Falta de cuidadores no Japão só aumenta
Uma grave escassez de mão de obra atinge a indústria do cuidado no Japão, com quase quatro vagas para cada pessoa em busca de emprego. O país tem a segunda população mais envelhecida do mundo, perdendo apenas para Mônaco, segundo o Banco Mundial.
O Ministério do Trabalho do Japão estima um déficit de cerca de 570 mil cuidadores até 2040, impulsionado por salários baixos que não condizem com a exigência física do trabalho.
A profissão atrai poucos homens. Mulheres, em sua maioria acima dos 40 anos, ocupam mais de 70% dos postos em residências de cuidado, segundo dados do ministério.
A sacada de um empresário
"Eu me destacava muito por ser homem e jovem", diz Yusuke Niwa, diretor executivo da Visionary, de 40 anos, ao lembrar de seu primeiro trabalho como cuidador, há quase 20 anos.
O empresário percebeu que "ser cool" era fundamental para despertar o interesse dos jovens e decidiu recrutar pessoas com esse perfil.
Ele chegou a considerar jogadores de futebol e lutadores de artes marciais, mas acabou optando pelos fisiculturistas. O motivo? "Os fisiculturistas são muito fotogênicos, têm estilo e encarnam o trabalho incansável", explica Niwa.
Mas a Visionary tinha dificuldades para contratar um único cuidador por ano que fosse, por causa do estigma em torno da indústria do cuidado.
Isso começou a mudar em 2018, com o lançamento por Niwa da campanha "cuidadores machões", que provocou uma avalanche de candidaturas, inclusive de homens jovens.
A empresa afirma ter contratado 168 pessoas apenas no ano fiscal de 2024.
A Visionary prevê agora vendas anuais de 2,2 bilhões de ienes (R$ 70,7 milhões de dólares) para o ano fiscal que termina em março de 2026 - cerca de dez vezes mais do que faturava antes de 2018.
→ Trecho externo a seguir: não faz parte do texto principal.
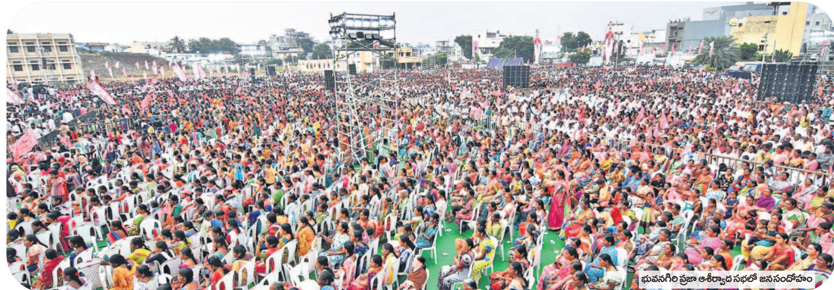
భువనగిరి ప్రజా ఆశీర్వాద సభలో జనసందోహం
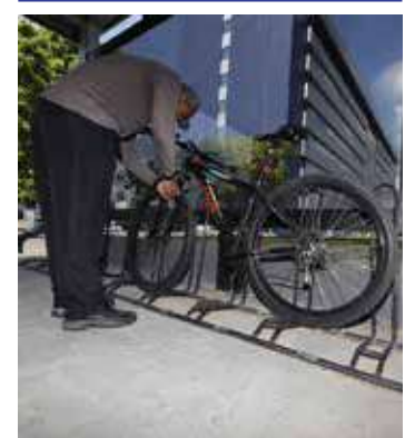
Aleam já contra com 'bicicletário'

Outro ponto relevante, de acordo com a justificativa do PL, é o desenvolvimento de rotas ciclistas seguras e bem sinalizadas, que atravessam as paisagens deslumbrantes da região, conectando áreas de interesse turístico, culturais e ecológicas. "O ciclo-turismo, ao ser incentivado, promove uma interação mais próxima dos visitantes com a natureza e as comunidades locais, contribuindo para a geração de empregos e renda nessas áreas", diz o autor do Projeto de Lei.
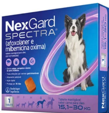
ANTIPULGAS NEXGARD SPECTRA 15,1 A 30KG 1 TABLETE

A grande maioria dos novos contratados são entusiastas ocasionais do fitness.
Embora todos os funcionários tenham acesso gratuito à academia, os benefícios mais generosos — como duas horas diárias de treino remunerado — são reservados a um grupo seleto de fisiculturistas competidores.
Um deles é Hokuto Tatsumi, de 27 anos, ex-militar da Força de Autodefesa Marítima, atraído pelo "ambiente de trabalho mais favorável aos músculos que se possa imaginar".
Os fisiculturistas são especialistas em suportar a monotonia do treinamento diário e regimes alimentares rigorosos, diz ele.
Essa disciplina "pode ser uma grande vantagem para cuidadores que atendem os mesmos clientes todos os dias".
"Pode parecer simples, mas na verdade é bastante desafiador", afirma Tatsumi.
Cuidado no Japão: uma indústria que busca se reinventar
No Japão, a necessidade de cuidar de pais doentes e outros familiares obriga cerca de 100 mil pessoas a deixar seus empregos todos os anos, segundo dados do governo. E a estimativa é que outras 300 mil conciliem a carreira profissional com o cuidado em casa até 2030.
"O fato de esses trabalhadores não conseguirem desenvolver plenamente seu potencial é uma perda enorme", lamenta Niwa, acrescentando que a indústria do cuidado precisa se modernizar.
Nos últimos dois anos, Yamaguchi — usuária de cadeira de rodas que gosta de pintura e de trabalhos com contas — e o fisiculturista de elite Usui construíram uma amizade surpreendente.
"Madoka não consegue usar bem as mãos, mas usa a boca para controlar o pincel. Essa capacidade de improviso me inspira", diz Usui, sorrindo para ela.
Ele reconhece que sua motivação inicial para o trabalho era ficar mais musculoso, mas diz que desde então aprendeu "que o cuidado é muito mais do que parece à primeira vista".